[Items from a data source]
# # # #
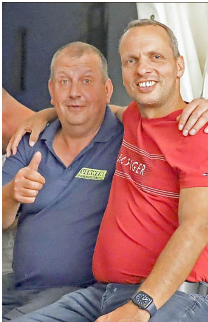
beide Wehrführer bei der Auswertung

Nur wenige Tage nach dem fulminanten Auftritt der Sängerinnen und Sänger des Lyric Opera Studios aus Weimar im Kirchgarten bereiteten die Kameraden unserer Feuerwehr das diesjährige Straßenkegeln vor und stellten vorab ein großes Zelt. Der Wetterbericht prognostizierte allerlei Unheil für den 26. August. Ein Posteinwurf informierte: „Einladung an alle zum Straßenkegeln - ab 13 Uhr - Dorfstraße Mügo - es winken Geldpreise - für das leibliche Wohl ist gesorgt - Hüpfburg für die Kleinen“.
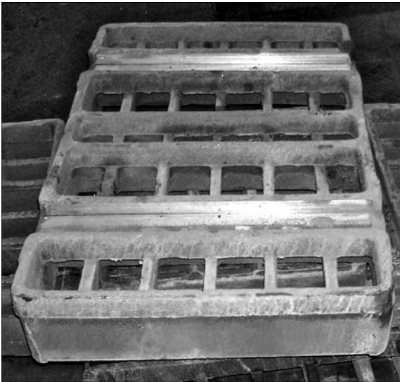
Рис. 4. Вид на поддоны после очистки и механической обработки

отсасываются через слой краски в песок, а затем в вакуумную систему. Металл точно повторяет форму полистирольной модели. Время охлаждения отливки в опоке составляло 20... 25 мин. После охлаждения отливки опоку поворачивали на специальном стенде-кантователе на 180°. Отливка (рис. 3) и песок обычно легко удаляются из опоки. После ее извлечения литниковая система обрезается. Деталь пескоструится от остатков пенополистирола и антипригарной краски.
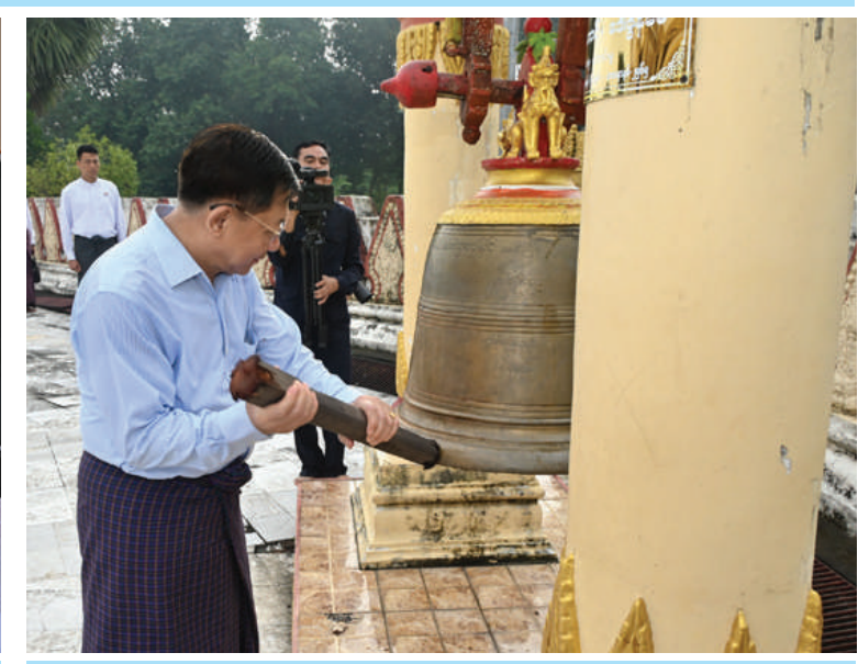
နိုင်ငံတော်စီမံအုပ်ချုပ်ရေးကောင်စီဥက္ကဋ္ဌ နိုင်ငံတော်ဝန်ကြီးချုပ် ဗိုလ်ချုပ်မှူးကြီး မင်းအောင်လှိုင် စွယ်တော်မြတ်စေတီတော်ကြီးရှိ ခေါင်းလောင်းတော်အား ထိုးခတ် ပူဇော်စဉ်။
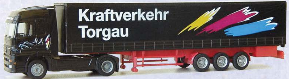
Best.-Nr. 250 089* MB Actros Gardinenplane "Kraftverkehr Torgau" DM 35.-
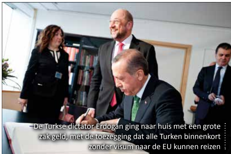
De Turkse dictator Erdogan ging naar huis met een grote zak geld, met de toezegging dat alle Turken binnenkort zonder visum naar de EU kunnen reizen

En dan is er nog een vervelend detail: die drie miljard euro. Volgens de Turken is dat een bedrag dat jaarlijks moet betaald worden.
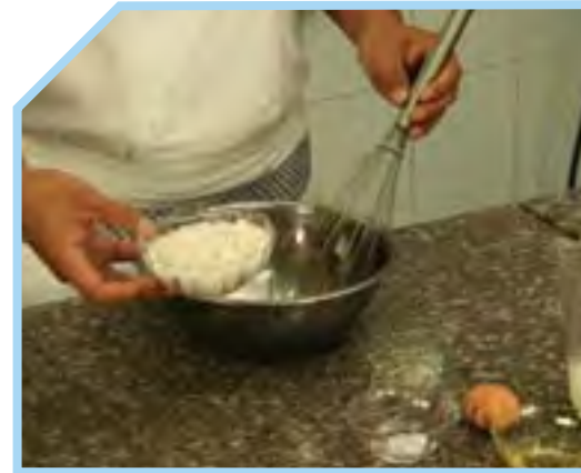
TRỘN CÁC NGUYÊN LIỆU
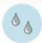
سبک وزن لایه های مهار کننده، نشتی های کوچک و ریخت و پاش، و پاکاب سریع

برای مشاهده آنلاین این جاذب های فقط روغن به www.payeshspill.ir مراجعه کنید.
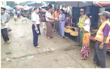
အရာရှိနှင့်ဝန်ထမ်းများ၊ ဈေးကော်မတီဝင်များ၊ စည်ပင်ကော်မတီများ၊ စုစုပေါင်း ၁၀ ဦးတို့က ပညာပေးလက်ကမ်းစာစောင်များ

ခြင်းကို ယမန် နေ့နံနက် ၈ နာရီခွဲက ဆောင်ရွက်ကြသည်။ အောင်လံမြို့နယ် စည်ပင်သာယာရေးအဖွဲ့သည် အပတ်စဉ် တနင်္လာနေ့တိုင်း ပလတ်စတစ် အိတ်၊ ကြပ်ကြပ်အိတ်မသုံးစွဲရေးနှင့် ပလတ်စတစ်သုံးစွဲမှု လျှော့ချရေး Campaign များ ဆောင်ရွက်လျက်ရှိရာ၊ ဩဂုတ် ၂၀ ရက်တွင် အဖွဲ့ဝင် မြို့မဈေးကြီး၌ အဆိုပါ Campaign အား ပြုလုပ်ခဲ့ပြီး အောင်လံမြို့နယ် စည်ပင်သာယာရေးအဖွဲ့အဖွဲ့အောင်
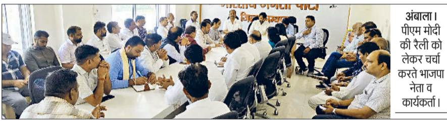
अंबाला। पीएम मोदी की रैली को लेकर चर्चा करते भाजपा नेता व कार्यकर्ता।

प्रधानमंत्री नरेंद्र मोदी की आगामी 'जन विश्वास-जन विकास' रैली को लेकर जिला में भाजपा की विशेष तैयारी बैठक आयोजित की गई। अध्यक्षता भाजपा जिलाध्यक्ष मनदीप राणा ने की जिसमें जिला पदाधिकारी व मंडल अध्यक्षों ने भाग लिया। बैठक में भाजपा प्रदेशध्यक्ष मोहन लाल बडौली के निर्देशों को सांझा करते हुए 17 अक्टूबर को रैली की तैयारियों पर
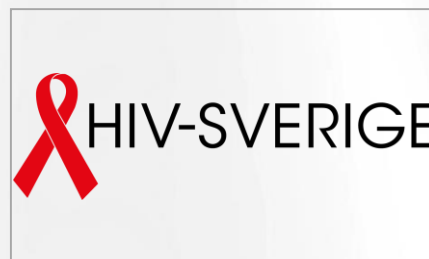
Rättighets- och påverkans- organisation för personer som lever med och berörs av hiv
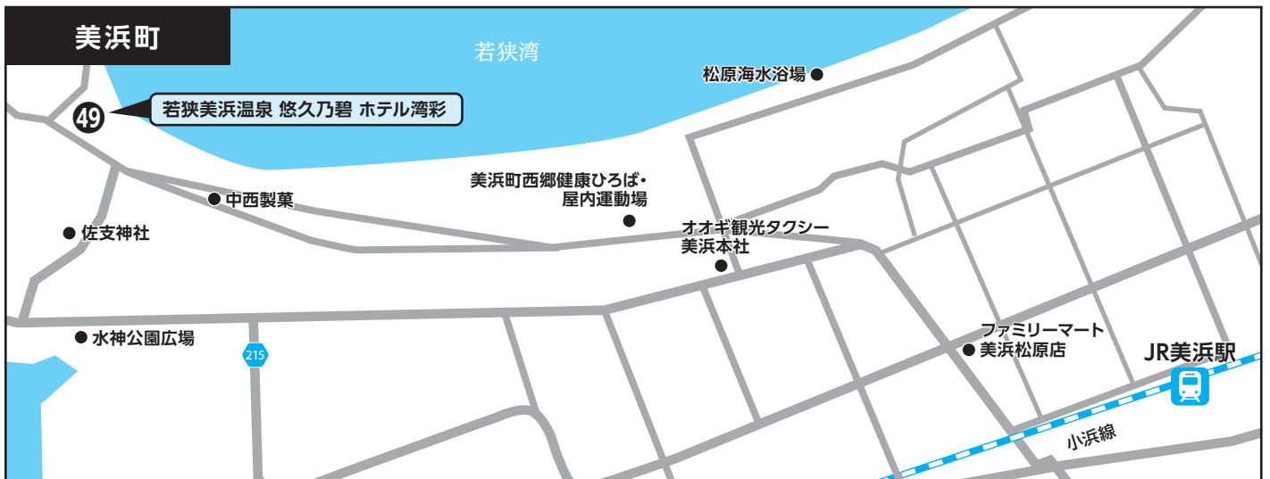
④⑨ 若狭美浜温泉 悠久乃碧 ホテル湾彩
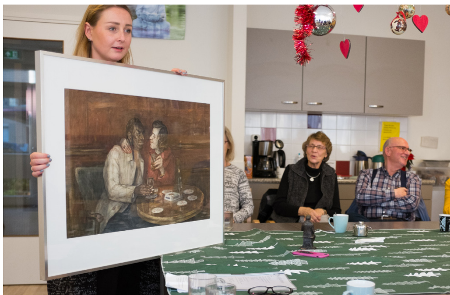
Charles Kemper – 'Interieur Café' (1968).

Harrie: 'Beroepsmatig contact heeft zij met hem. Ik heb het nog nooit zo netjes uitgedrukt. Het kan natuurlijk zijn dat ze later nog meer contacten in het café heeft.'
# # # #
WHAT TO DO:
For every line of the entries above that holds "Turken", add one to a tally, and report only the final count.

SOLUTION TO THE PROBLEM:
2